十五年前,也是怀着这样的好奇,一张维真航空的单程票,把我带到遥远的英格兰,那时候,就是想看看那里的人们,想知道他们的生活真的像书本里写的那样吗? 转眼间,十五年过去了,回到东方,这里倒变得陌生起来,时空的交错,给我一种幻觉的感受,在上海的街头,我被魔都迷住了。这是我人生中第四次来上海。1986年,1998年,2008年,2018年,大约每十年,我都和这个城市有个约会。来这里,感受她的变化,体会她的底蕴,尝试着理解她,爱上她。这座承载着近代中国历史的城市,次次来都有令人难忘的发现。

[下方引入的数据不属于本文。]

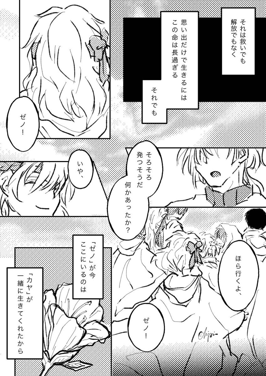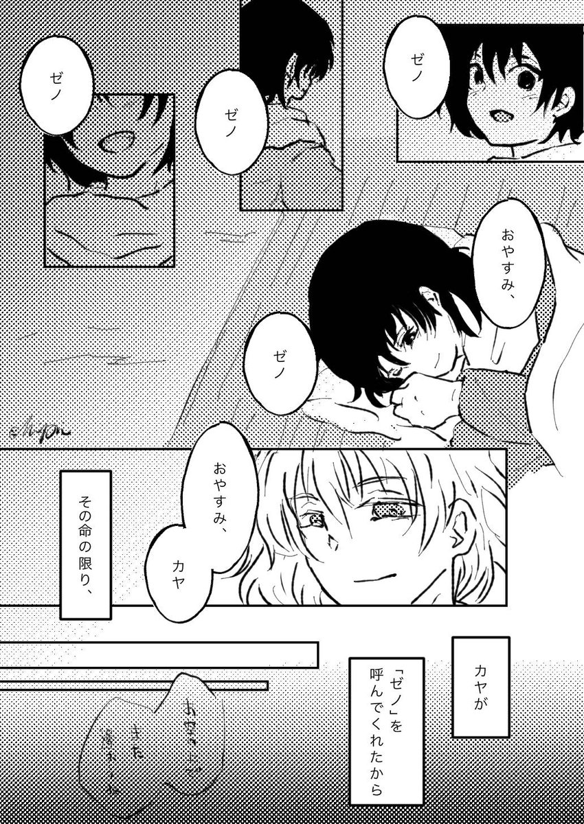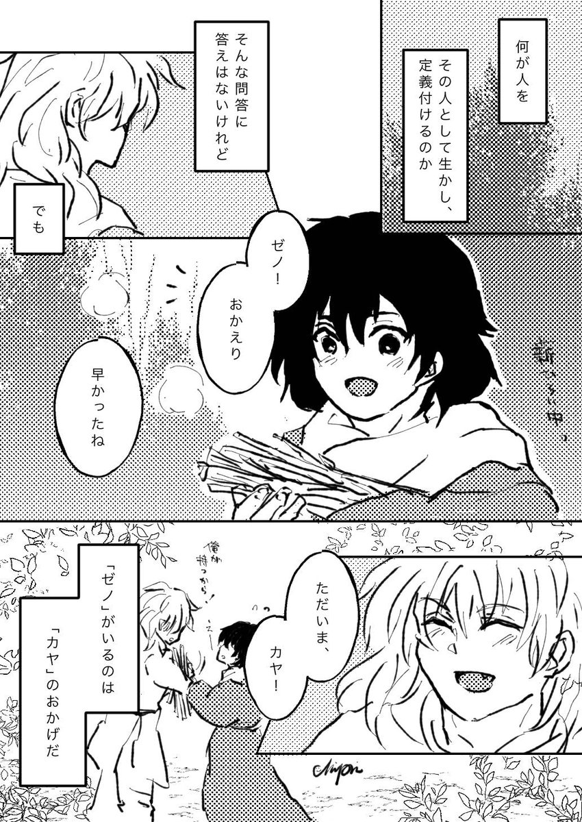 そしてゼノお誕生日おめでとうのゼノカヤちゃん漫画☺️ 救いではないけど、名前を覚えていることが二人生きていたことの証明であることは間違いないよねって🥲 #ゼノ誕生祭2022 #ゼノ生誕祭2022
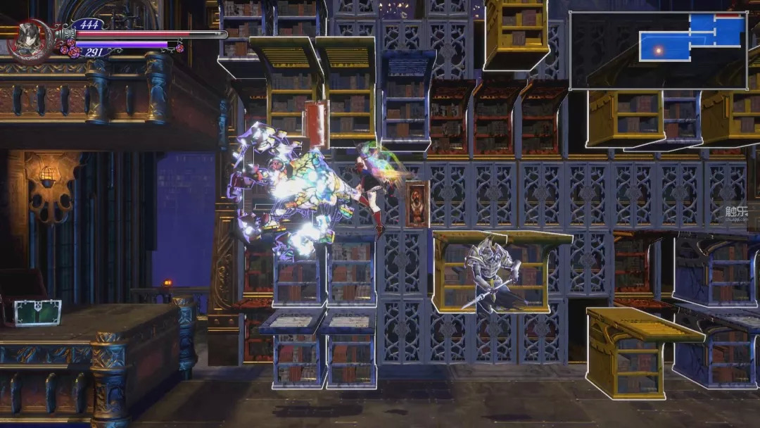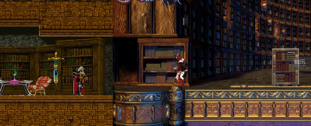 此外,《夜之仪式》里有且仅有一处隐藏房间不是靠打坏墙壁进入,而是靠玩家推动一个明显后边有空间的书架发现的,这正是《月下夜想曲》中曾经惊艳玩家的设计之一,也是“恶魔城”系列里极少出现的非破坏性发现隐藏房间的方式。故意重现在这里,就像多年不见的老朋友拿着照片和你叙旧:“那些有趣的日子,还记得吗?”
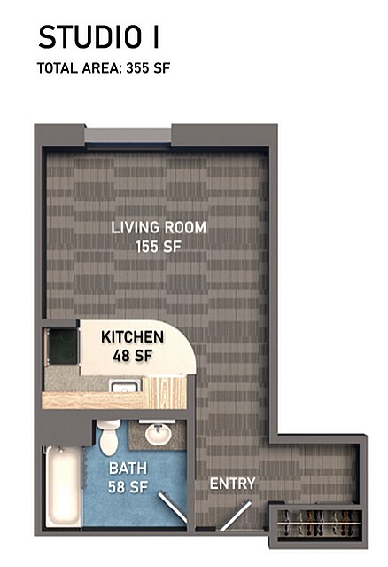 Studio, 1 Bath, 231 sq ftAvailable NowLargest StudioThis is the largest Studio at this PropertyModel Gallery
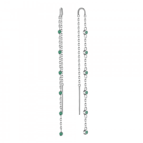 Изящные серьги-цепочки из белого золота с изумрудами
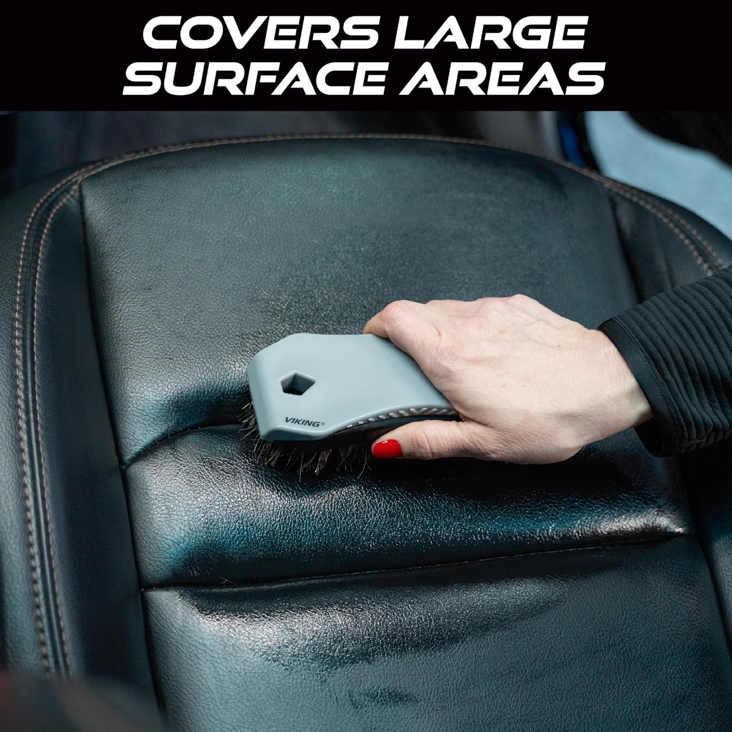 VIKING Leather Cleaner Brush, Horsehair Bristles for Car Interior, Cleaning Brush for Car and Home, Grey, 6.5 x 2.8 x 2 inch

最近的十年这个国家进入了史上空前繁荣的时代,”中国梦” 让所有人心醉神迷。在追梦的路上,这个城市展现了这个阶段特有的风景: 街道上奔跑着豪华的私家车,路边有随处可见的共享单车,还有那些无畏风雨的,机敏穿梭在狭窄弄堂里的电动摩托车。在外滩,精美的西式糕点店和清晨炸油条的拐角小屋只有几步之遥。南京路上,豪华的哈根达斯冰淇淋店里热闹非凡,新华书店在一个无人问津的角落里冷冷清清。浦东的摩天高楼,气派的机场,先进的高铁,十八条地铁线;科技馆里的中英文讲解,妙趣横生的机器人展览;免费向公众开放的上海博物馆和中华文化宫都无疑的向世人展示这是一个超级现代化,国际化的大都市。一位爱聊天的出租车司机跟我说,上海是一座二十四小时不停歇的城市,有朝九晚五的上班族,也有晚九朝五的服务族,还有全天候的网路一族。在追梦的路上,大家都不能停歇。仅仅用一个游客的眼睛去观察这个城市肯定是不够的。遗憾的是,我从没有在这里工作,生活过。这是一个令我仰慕的城市,似乎自己配不上她,只能偶尔来看看,短暂的拥抱她,然后可以愉悦的回忆十年。

是的,这场聚会也可以让我愉悦的回忆十年,昔日的老同学,个个都是时代的缩影。他们不仅在事业上的打拼,对老一辈,下一代的一丝不苟,也是这个时代特别的印记。饭桌上,大家只能简短的说说自己这些年的经历,幽默诙谐间,我们知道,每个人的这些年都不简单。在毕业二十多年以后,我们都努力成为了想成为的自己。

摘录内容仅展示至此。